REQUIREMENT:
The answer must consist solely of the lines from the line with "Ce déodorant 100%" to the end of the data below, transcribed exactly and with no pictures.

INPUT:
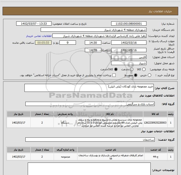 نام دستگاه خریدار:شهرداری منطقه 4 شهرداری شیراز
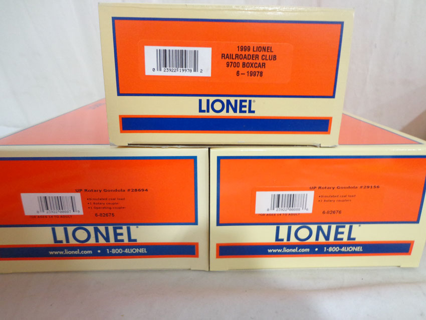 Mint Lionel #39211 6464 Archive Box Cars Set of 3, #27283 Postwar Box Cars Set of 2, #82674 Union Pacific Rotary Gondolas Set of 2 and #19978 Railroader Club Box Car/OBs
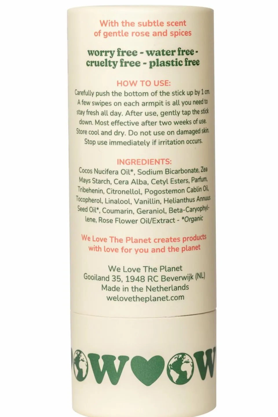 Ce déodorant 100% naturel certifié NCS a un doux parfum de rose et d’herbes douces.
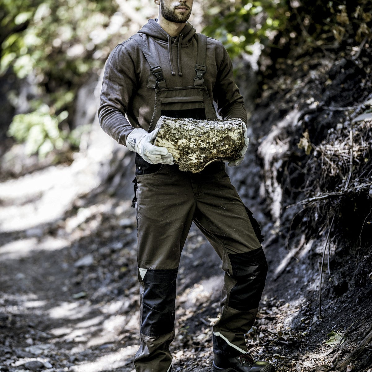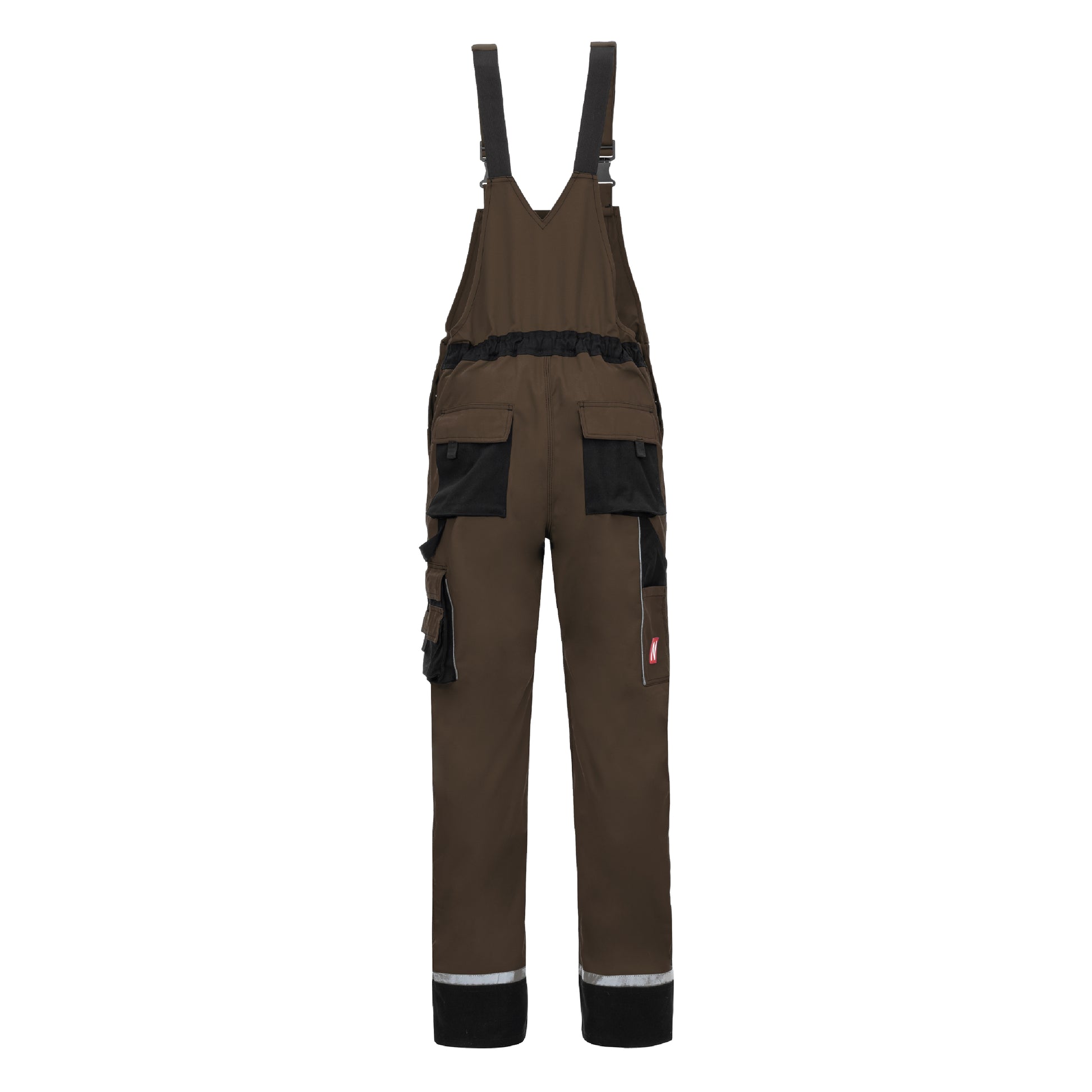 La salopette NITRAS MOTION TEX PLUS in marrone/nero (codice colore: 5010) offre un elevato livello di comfort grazie al materiale traspirante e alla cintura elastica. I rinforzi in tela sulle tasche delle gambe, delle ginocchia e posteriori, nonché sulla tasca esterna della pettorina e sui polsini delle gambe garantiscono una maggiore durata. Le robuste cuciture triple e gli elementi riflettenti migliorano la visibilità. Dotati di pratici extra come tasche sulle cosce con patta, tasca per metro, tasca interna sulla pettorina con cerniera YKK e tasche sulle ginocchia per imbottitura, questi pantaloni sono il compagno ideale per i lavori impegnativi. La lavorazione di alta qualità è completata dall'OEKO-TEX STANDARD 100® e dalla protezione per le ginocchia 76K (EN 14404) disponibile opzionalmente.
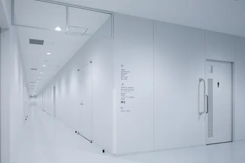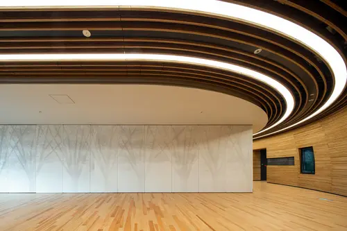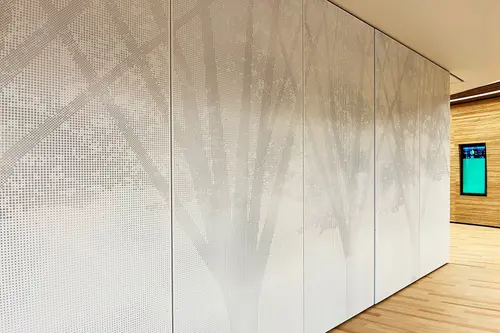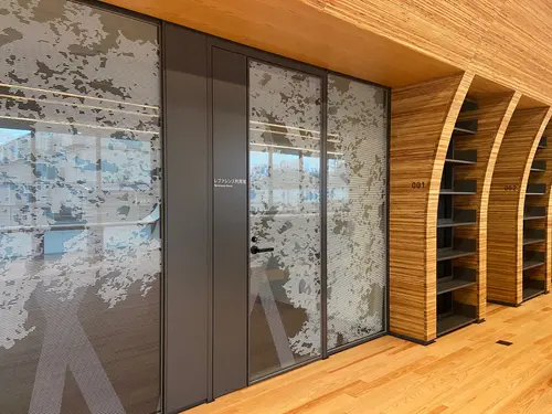 研修室を取り囲む掲示の出来る可動式の有孔パネルにはオリジナルの有孔パターンでケヤキのシルエットを表現し、レファレンスなどのガラス面の飛散防止フィルムにはケヤキのグラフィックパターンを施した。
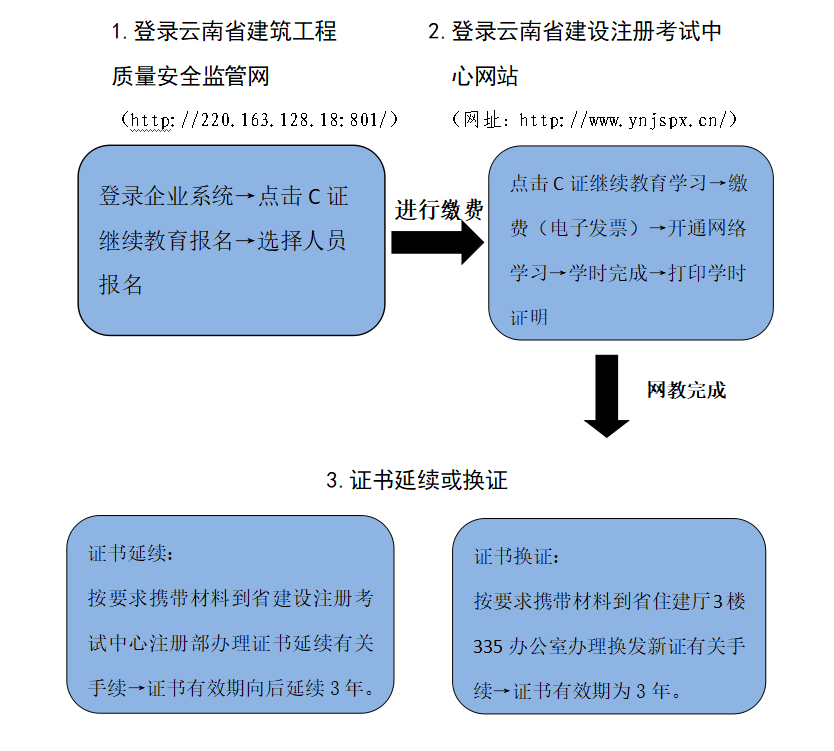 云南省建筑施工企業(yè)專職安全生產(chǎn)管理人員 (C證)繼續(xù)教育報名學(xué)習流程圖
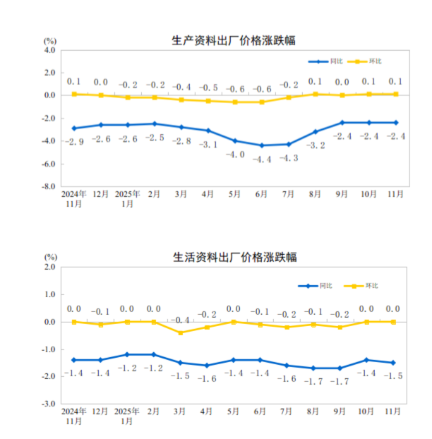 2025年11月份,全国工业生产者出厂价格同比下降2.2%,工业生产者购进价格同比下降2.5%;工业生产者出厂价格和购进价格环比均上涨0.1%,涨幅均与上月相同。1—11月平均,工业生产者出厂价格比上年同期下降2.7%,工业生产者购进价格下降3.1%。

TASK ANSWER:
 Ce déodorant 100% naturel certifié NCS a un doux parfum de rose et d’herbes douces.
 La salopette NITRAS MOTION TEX PLUS in marrone/nero (codice colore: 5010) offre un elevato livello di comfort grazie al materiale traspirante e alla cintura elastica. I rinforzi in tela sulle tasche delle gambe, delle ginocchia e posteriori, nonché sulla tasca esterna della pettorina e sui polsini delle gambe garantiscono una maggiore durata. Le robuste cuciture triple e gli elementi riflettenti migliorano la visibilità. Dotati di pratici extra come tasche sulle cosce con patta, tasca per metro, tasca interna sulla pettorina con cerniera YKK e tasche sulle ginocchia per imbottitura, questi pantaloni sono il compagno ideale per i lavori impegnativi. La lavorazione di alta qualità è completata dall'OEKO-TEX STANDARD 100® e dalla protezione per le ginocchia 76K (EN 14404) disponibile opzionalmente.
 研修室を取り囲む掲示の出来る可動式の有孔パネルにはオリジナルの有孔パターンでケヤキのシルエットを表現し、レファレンスなどのガラス面の飛散防止フィルムにはケヤキのグラフィックパターンを施した。
 云南省建筑施工企業(yè)專職安全生產(chǎn)管理人員 (C證)繼續(xù)教育報名學(xué)習流程圖
 2025年11月份,全国工业生产者出厂价格同比下降2.2%,工业生产者购进价格同比下降2.5%;工业生产者出厂价格和购进价格环比均上涨0.1%,涨幅均与上月相同。1—11月平均,工业生产者出厂价格比上年同期下降2.7%,工业生产者购进价格下降3.1%。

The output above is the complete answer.